### Task brief
Look in the data below for the line that has "Wales +1 1/4 cả trận", then print exactly every line from there through the line that has "Para finalizar o", leaving pictures out.

** Source material follows **

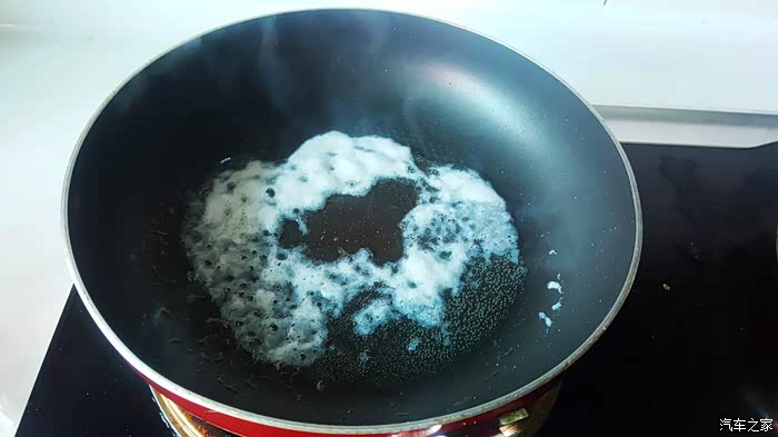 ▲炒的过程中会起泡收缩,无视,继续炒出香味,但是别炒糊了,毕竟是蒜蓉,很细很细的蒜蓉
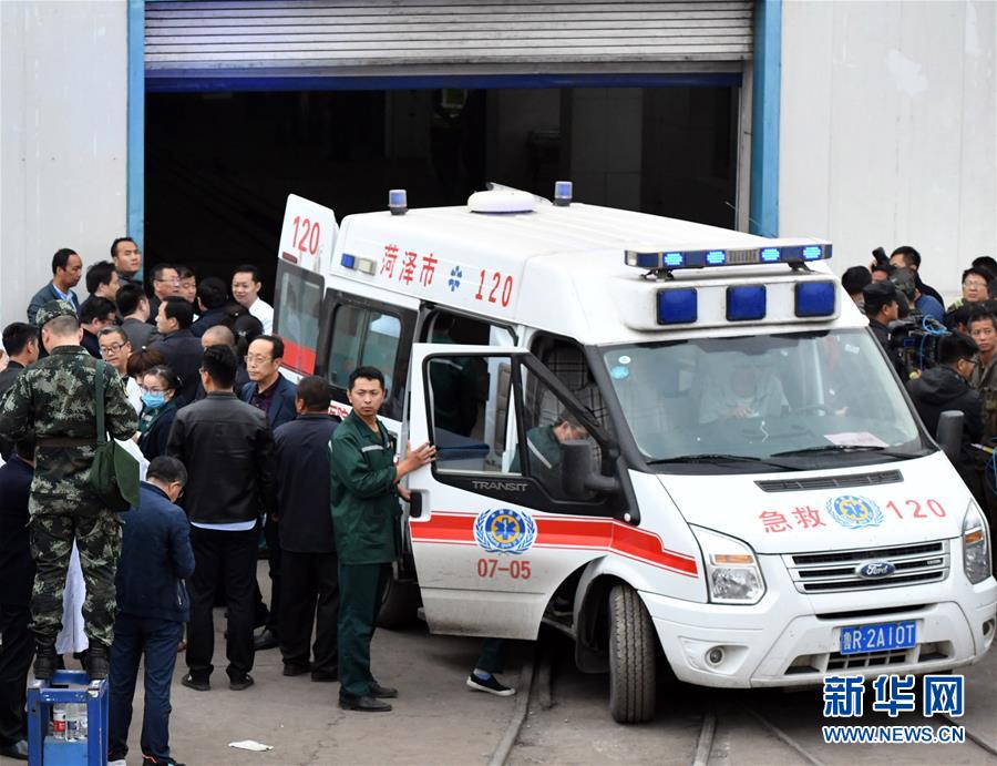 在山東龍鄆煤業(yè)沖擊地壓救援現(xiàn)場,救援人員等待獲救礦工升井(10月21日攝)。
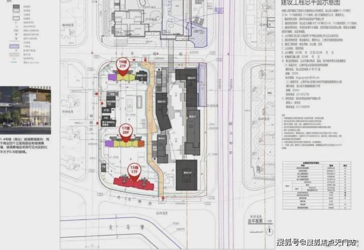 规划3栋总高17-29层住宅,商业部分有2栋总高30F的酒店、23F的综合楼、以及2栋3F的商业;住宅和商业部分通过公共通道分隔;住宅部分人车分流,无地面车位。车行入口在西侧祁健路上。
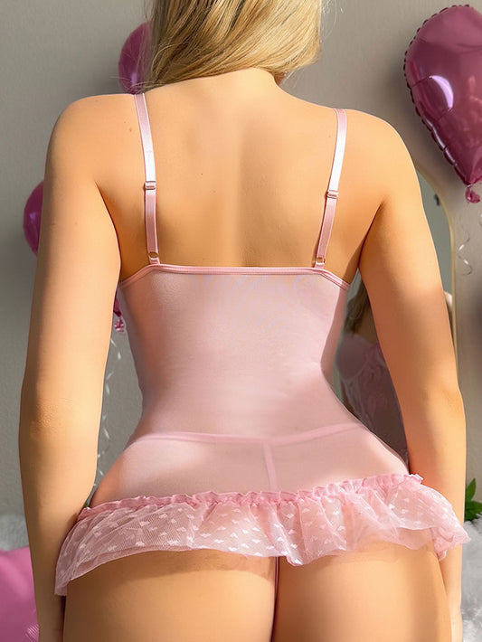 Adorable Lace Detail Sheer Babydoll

** End of Source material **
** Source material follows **

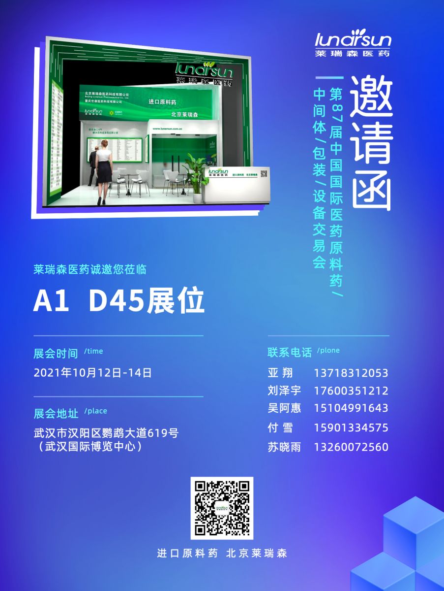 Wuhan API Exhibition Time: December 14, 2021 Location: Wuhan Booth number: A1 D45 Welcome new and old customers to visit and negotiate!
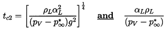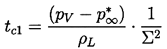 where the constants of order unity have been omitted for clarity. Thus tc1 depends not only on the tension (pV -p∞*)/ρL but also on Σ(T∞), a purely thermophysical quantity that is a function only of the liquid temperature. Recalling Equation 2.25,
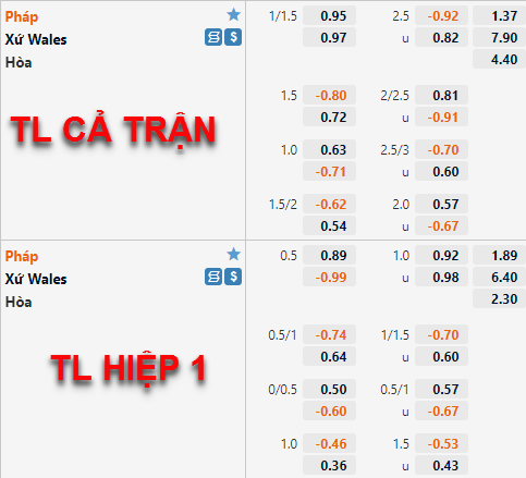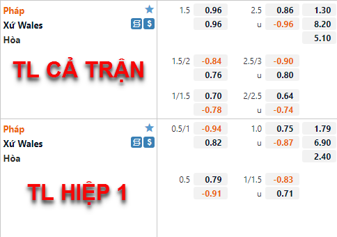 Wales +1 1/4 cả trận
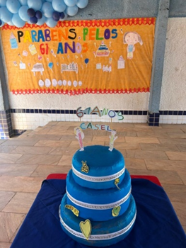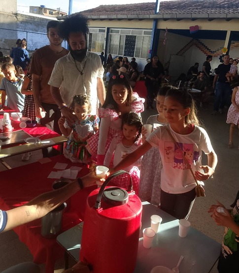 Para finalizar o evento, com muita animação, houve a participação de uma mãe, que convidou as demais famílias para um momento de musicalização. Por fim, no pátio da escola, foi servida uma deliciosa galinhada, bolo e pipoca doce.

** End of Source material **

### Response to the task
 Wales +1 1/4 cả trận
 Para finalizar o evento, com muita animação, houve a participação de uma mãe, que convidou as demais famílias para um momento de musicalização. Por fim, no pátio da escola, foi servida uma deliciosa galinhada, bolo e pipoca doce.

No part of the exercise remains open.